Fault points are defined in the instrumented code using
SIMPLE_FAULT_INJECTOR() macro. A fault point is identifed by a name.
This module provides an interface to inject a predefined fault point
into a running Apache Cloudberry cluster by associating an action
with the fault point. Action can be error, panic, sleep, skip,
infinite_loop, etc.
Basic examples
--------------
select gp_inject_fault('checkpoint', 'error', dbid) from
gp_segment_configuration where content=1 and role='p';
The above command causes the next checkpoint to fail with elog(ERROR)
on the segment that is acting as primary and has contentid = 1. Once
the action associated with the fault (error in this case) is taken, it
is not hit again. Checkpoints will finish without error after the
fault is hit once. The 'checkpoint' fault is defined in
CreateCheckPoint() function in xlog.c.
select gp_inject_fault('checkpoint', 'status', dbid) from
gp_segment_configuration where content=1 and role='p';
The above command checks the status of the fault. It reports the
number of times the fault has been hit during execution and whether it
has completed.
select gp_wait_until_triggered_fault('checkpoint', 1, dbid) from
gp_segment_configuration where content=1 and role='p';
The above command blocks until the checkpoint fault is triggered
exactly once. If the fault has already been triggered, the command
will not block at all.
select gp_inject_fault('checkpoint', 'reset', dbid) from
gp_segment_configuration where content=1 and role='p';
The above command removes the fault, such that no action will be taken
when the fault point is reached during execution. A fault can be set
to trigger more than once. For example:
select gp_inject_fault_infinite('checkpoint', 'error', dbid) from
gp_segment_configuration where content=1 and role='p';
This command causes checkpoints to fail until the fault is removed on
the segment 1 primary.
More detailed interface
-----------------------
A more detailed version of the fault injector interface accepts
several more parameters. For example:
select gp_inject_fault('heap_insert', 'error',
'' /* DDL */, '' /* database name */,
'my_table' /* table name */,
1 /* start occurrence */, 10 /* end occurrence */,
0 /* */, dbid) from
gp_segment_configuration where content=1 and role='p';
The above command sets heap_insert fault such that the inserting
transaction will abort with elog(ERROR) when the code reaches the
fault point, only if the relation being inserted to has the name
'my_table'. Moreover, after the fault has been hit 10 times, it will
stop triggering. The 11th transaction to insert into my_table will
continue the insert as if no fault was injected.
Fault actions
-------------
Fault action is specified as the type parameter in gp_inject_fault()

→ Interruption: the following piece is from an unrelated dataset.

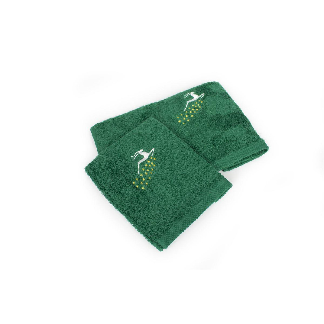 Σετ πετσέτες Χριστουγεννιάτικες 2 τεμ. σε χρώμα πράσινο. με ανεξίτηλα χρώματα και κεντημένο σχέδιο που απεικονίζει γιορτινό τάρανδο που πετάει στα αστέρια. ιδανικό για δώρο που περιέχει: 1 τεμ. πετσέτα χειρός. διαστάσεων 30X50 και 1 τεμ. πετσέτα προσώπου. διαστάσεων 50X90. Οι πετσέτες είναι κατασκευασμένες από 100% βαμβάκι έξτρα απαλό και απορροφητικό και είναι ελεγμένες για επιβλαβείς ουσίες με το αναγνωρισμένο παγκοσμίως πιστοποιητικό. OEKO TEX® Standard 100. Συσκευασία δώρου με γιορτινή κορδέλα.
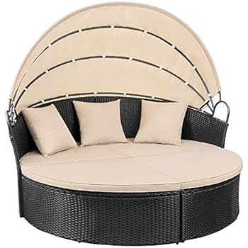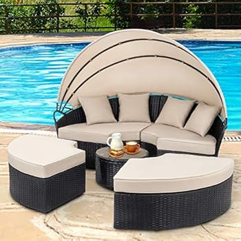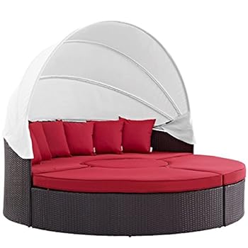 These day beds have a round shape. Typically, their canopy is retractable which means that it can be drawn back or back in. Their rounded silhouette has a calming effect. In addition, if you have small children, then an outdoor circular daybed with canopy is safer than other patio daybeds. Generally, a round outdoor daybed with a retractable canopy is a good choice for most patios.

interface. The following types are supported.
error
elog(ERROR)
fatal
elog(FATAL)
panic
elog(PANIC)
sleep
sleep for specified amount of time
infinite_loop
loop until query cancel or terminate signal is received
suspend
block until the fault is removed, without checking for interrupts
resume
resume backend processes that are blocked due to a suspend fault
skip
used to implement custom logic that is not supported by
predefined actions, e.g.
if (SIMPLE_FAULT_INJECTOR("fts_probe") == FaultInjectorTypeSkip)
{
//custom code
}
reset
remove a previously injected fault
segv
crash the backend process due to SIGSEGV
interrupt
simulate cancel interrupt arrival, such that the next
interrupt processing cycle will cancel the query
finish_pending
similar to interrupt, sets the QueryFinishPending global flag
status
return a text datum with details of how many times a fault has been
triggered, the state it is currently in. Fault states are as follows:
"set" injected but the fault point has not been reached during
execution yet.
"triggered" the fault point has been reached at least once during
execution.
"completed" the action associated with the fault point will no
longer be taken because the fault point has been reached maximum
number of times during execution.
NOTES
-----
* A fault point applies to ALL callers of a function. So special care
must be used if you are setting fault points in code shared amongst
many backends, such as in parallel regress tests.
* Be sure to "reset" all fault points at the end of a test that
associates actions with them.
* Supplementary details
==========================================================
When we injected PANIC fault for Segment node, FTS will promote Mirror
node to Primary node so that causes a change in the cluster topology
and tests have side effects. To prevent this kind of situation from
happening, when injecting PANIC faults into Segment nodes. If the FTS
function is enabled, we need to print a warning message to prompt the
user to prevent such operations.
The current implementation is achieved by calling the _PG_init
function to register the callback function when the dynamic library is
loaded. But this implementation is problematic. This is because we
connect the Master, the newly generated QE node will not actively load
the gp_fault_inject dynamic library into the QE process.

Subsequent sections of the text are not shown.